Diyarbakır’ın saklı güzelleri Şelaleler-8.Sayı

Diyarbakır’da yazlar sıcak mı sıcak geçer, denizi yoktur ama Dicle’si vardır ve hatta şehirden biraz daha uzaklaşmak isterseniz, çölde bir vaha gibi beliren Sinek Çayı Kanyonu oradadır. Kanyon, Diyarbakır’a 95 kilometre uzaklıkta bulunan Çermik ilçesinde yer alıyor. Ortasından akan Sinek Çayı ise azametli Fırat Nehri’ne dökülmeden önce kuzeydoğudan gelen Seyhan Çayı ve güneydoğudan gelen Kızılçubuk Çayı ile birleşerek insanların kıyısında kenarında oturup ferah sohbetlere daldığı cennetten bir köşeye dönüşüyor.

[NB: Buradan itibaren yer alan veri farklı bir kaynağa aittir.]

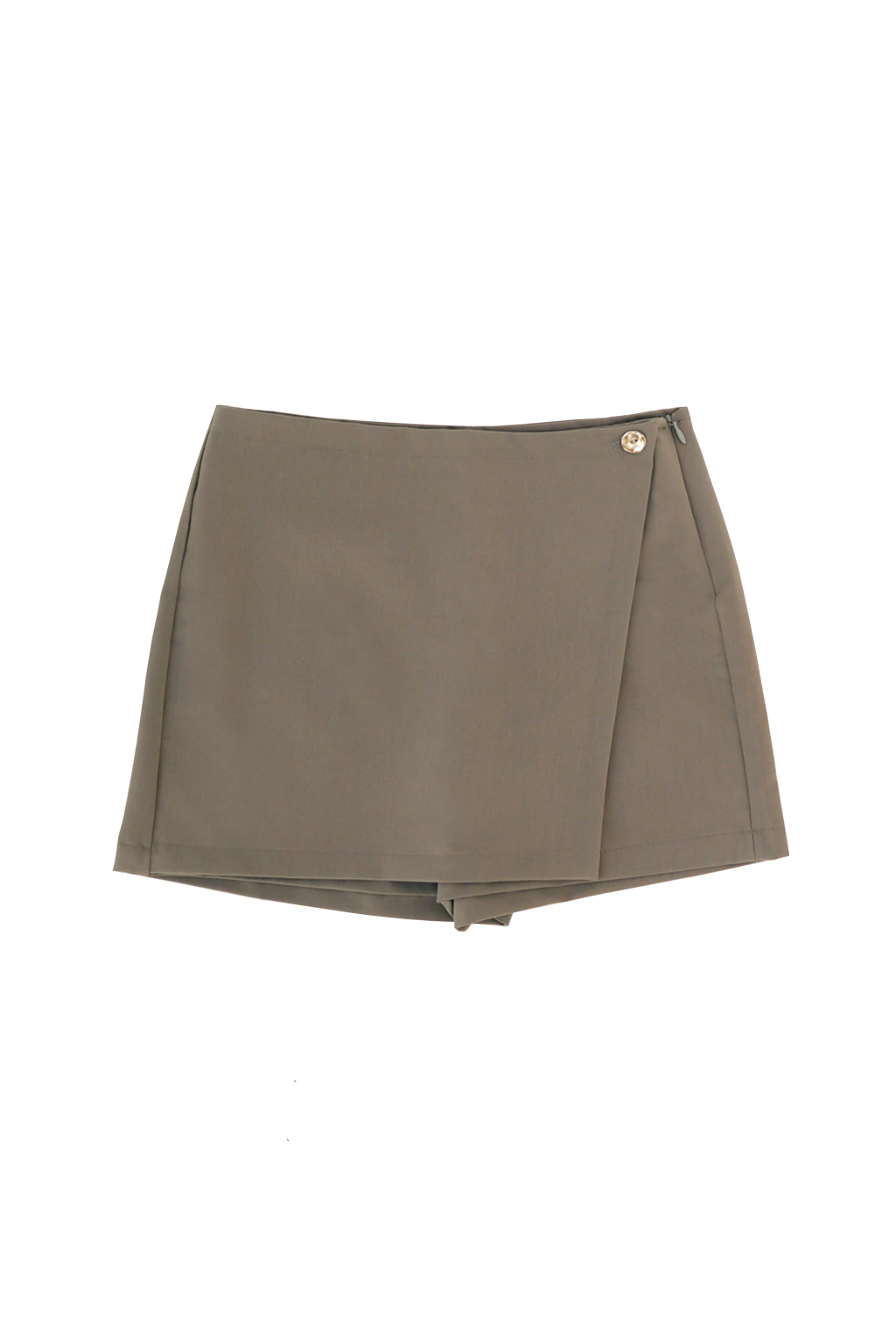 Short Tiro Medio Con Solapa En El Frente Con Ojal Y Boton Para Abrochar Y Cierre Invisible En El Lateral. Confeccionada En Twill Sastrero Con Spandex

Yalnızca Kayalar ve Gökyüzü

Şimdi usulca kanyona süzülelim. Kanyon girişi oldukça hareketli, insanlar su üzerine kurulan ahşap tahtlarda oturmuş çaylarını yudumluyor. Kıyıda piknik yapanlar, yüzenler ve oracıkta bir taşın üzerine oturup Sinek Çayı’nın ve kanyonda esen serin rüzgârın ezeli şarkısını dinleyenler de var. Orada ihtimal ki zamansızlığı yakalamış görünen bu insanları saadetleriyle baş başa bırakıp kanyonun iç kesimlerine girdiğimizde, gökyüzüne doğru sağlı sollu uzanan yüksek ve keskin kayaları görüyoruz. Türkiye Dağcılık Federasyonu tarafından yapılan Kaya Tırmanış Bahçesi, bu spora gönül vermiş sporculara ev sahipliği yapıyor. Tırmanış parkurlarının zorluk dereceleri hem profesyonel sporcular hem debir şekilde düzenlenmiş. Adeta bir yılan gibi kıvrılan kanyonda ilerledikçe dış dünyadan izole olmuş gibi hissediyoruz, kayalar, gökyüzü ve bazı gizemli yoldaşlarımız; nerede olduğunu göremediğimiz ama seslerini duyduğumuz hayvanlar… Zamanın nasıl geçtiğini fark etmiyoruz ama bir noktada kanyonun keskin kaya blokları sona erdiğinde dönüş vaktinin geldiğini anlıyoruz. Aynı yoldan bu kez aşina duygularla yürüyor ve Sinek Çayı’nın kıyısına varıp huzurlu, dingin ama bir yandan da coşkulu ve neşeli görünen insanlara bakıyoruz yeniden. Bir tablonun içinde gibiler; ressamın insanları en doğru ışıkta, en güzel ortamda, yüzlerinde mutlu bir tebessümle resmettiği tablolardan birinde…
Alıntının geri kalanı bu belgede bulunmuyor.